Problem to solve - Please repeat each line from the one holding "比赛伊始,主持人张乐致开场词" through the final line of the data, exactly as it stands, with no pictures.

Supplied information -
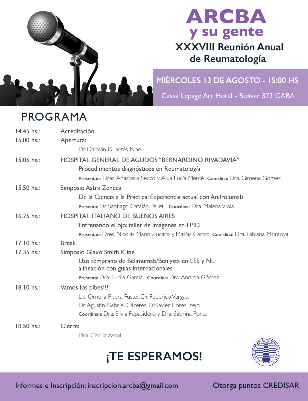 El miércoles 13 de agosto a las 15:00 hs, la Asociación de Reumatología de la Ciudad de Buenos Aires (ARCBA) realizará su XXXVIII Reunión Anual de Reumatología en el Cassa Lepage Art Hotel (Bolívar 373, CABA).
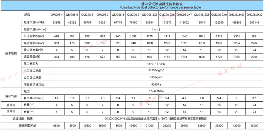 除塵清灰工作過程為:以一個(gè)袋為例,含塵氣體由進(jìn)口處直接進(jìn)入氣箱的袋室;由于有負(fù)壓風(fēng)機(jī)的引力驅(qū)動(dòng)作用,含塵氣體由外及里,自下而上,克服阻力,穿越濾袋到達(dá)上部箱體;粉塵就會(huì)被阻擋在濾器組件之外,小的顆粒被吸附在濾芯的表面,大的顆粒直接掉到下面的灰斗中;經(jīng)過過濾后的含有微塵的氣體在脈沖提升閥處匯集,之后從出風(fēng)口排出,此時(shí)便是干凈的氣體。過濾狀態(tài)就是對(duì)含塵氣體進(jìn)行除塵。當(dāng)過濾工作達(dá)到一定時(shí)間(或阻力達(dá)到預(yù)先設(shè)定值),清灰過程開始。其工作過程為:控制器發(fā)出信號(hào),使脈沖提升閥關(guān)閉,阻斷排氣;壓縮空氣脈沖閥開啟,以大于0.5MPa的壓縮空氣經(jīng)脈沖閥噴入凈氣室;并迅速膨脹入濾袋內(nèi),并產(chǎn)生振動(dòng)作用,清除濾袋外側(cè)表面上的粉塵,粉塵掉落到灰斗。這個(gè)動(dòng)作完成后(大約6~15s),壓縮空氣脈沖閥關(guān)閉,提升閥重新打開,該箱室的濾袋重新回到過濾狀態(tài)。
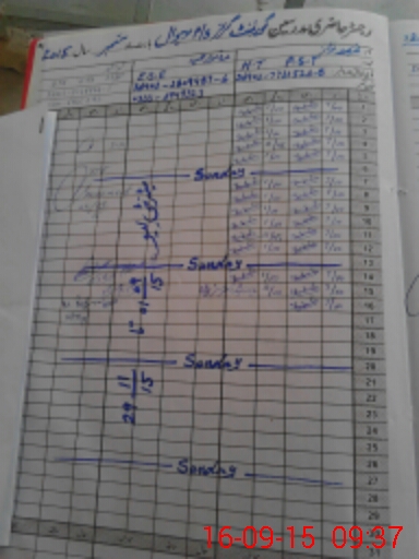 | CNIC | Full Name | Designation | R/C | Absence During Last Calender Month |
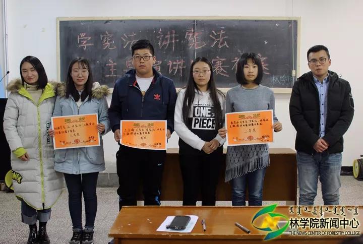 比赛伊始,主持人张乐致开场词,宣读本次比赛的评分标准。随后,参赛的17位选手按照事先安排好的顺序依次上台演讲,在此过程中,参赛选手们都围绕着此次比赛主题各抒己见,他们吐字清晰,声音洪亮,充分表达出了自己对《宪法》的认识。接下来,辅导员张磊对选手的表现做了简单的点评。最后,选手王玉海拔得头筹,获得一等奖,裴思函与刘志勇分别获得二等奖和三等奖,三位辅导员上台为他们颁奖并合影留念,此次比赛圆满结束。
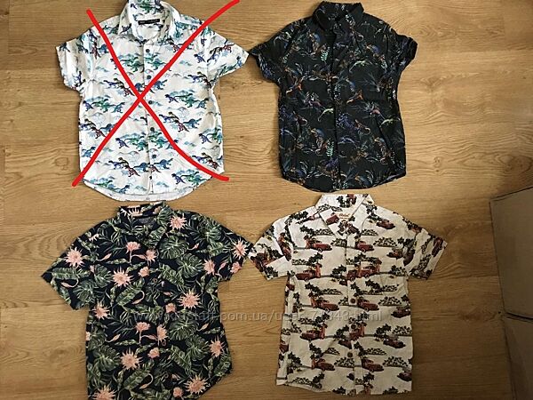 Розовая рубашка НМ 4-5л Длина от плеча- 43см, ширина- 34,5см, длина рукава от плеча- 36см, цвет чуть розовее чем на фото Мятную рубашку отдам к покупке чуть пятнышко где пуговицы и сзади внизу.Джинсовая 4-5л Длина от плеча сбоку 43см + пару см полукруг сзади, ширина- 34,5см, длина рукава от плеча- 38см
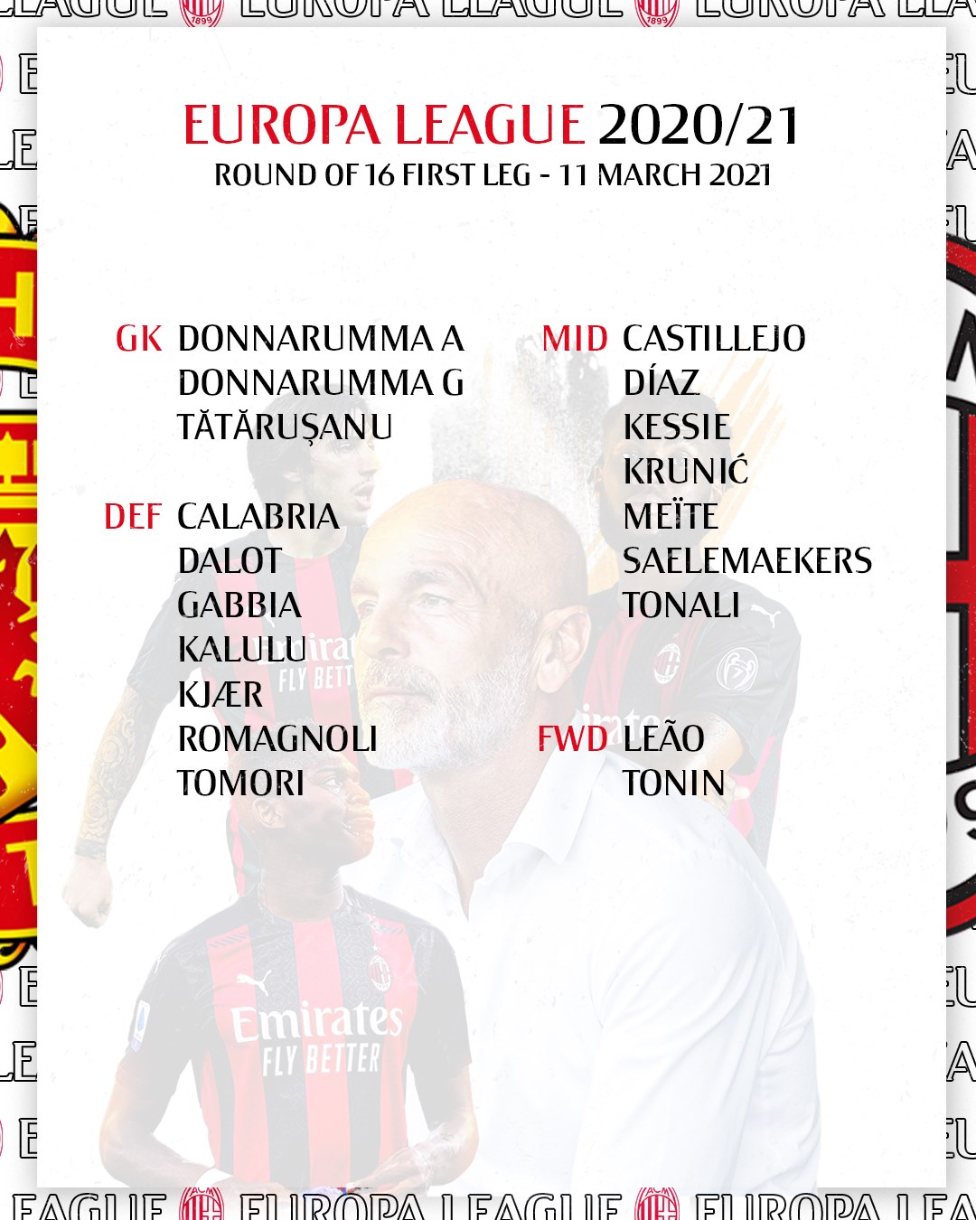 Tuy nhiên, theo thông báo mới nhất của AC Milan, Ibrahimovic sẽ bỏ lỡ trận lượt đi vì chấn thương. Theo Hernandez, Ismael Bennacer, Hakan Calhanoglu, Ante Rebic và Mario Mandzukic là 5 cầu thủ khác của đội bóng áo đỏ thành Milano đang phải chạy đua với thời gian để hy vọng tái xuất ở trận lượt về vào ngày 19/3.

Answer for the task -
 比赛伊始,主持人张乐致开场词,宣读本次比赛的评分标准。随后,参赛的17位选手按照事先安排好的顺序依次上台演讲,在此过程中,参赛选手们都围绕着此次比赛主题各抒己见,他们吐字清晰,声音洪亮,充分表达出了自己对《宪法》的认识。接下来,辅导员张磊对选手的表现做了简单的点评。最后,选手王玉海拔得头筹,获得一等奖,裴思函与刘志勇分别获得二等奖和三等奖,三位辅导员上台为他们颁奖并合影留念,此次比赛圆满结束。
 Розовая рубашка НМ 4-5л Длина от плеча- 43см, ширина- 34,5см, длина рукава от плеча- 36см, цвет чуть розовее чем на фото Мятную рубашку отдам к покупке чуть пятнышко где пуговицы и сзади внизу.Джинсовая 4-5л Длина от плеча сбоку 43см + пару см полукруг сзади, ширина- 34,5см, длина рукава от плеча- 38см
 Tuy nhiên, theo thông báo mới nhất của AC Milan, Ibrahimovic sẽ bỏ lỡ trận lượt đi vì chấn thương. Theo Hernandez, Ismael Bennacer, Hakan Calhanoglu, Ante Rebic và Mario Mandzukic là 5 cầu thủ khác của đội bóng áo đỏ thành Milano đang phải chạy đua với thời gian để hy vọng tái xuất ở trận lượt về vào ngày 19/3.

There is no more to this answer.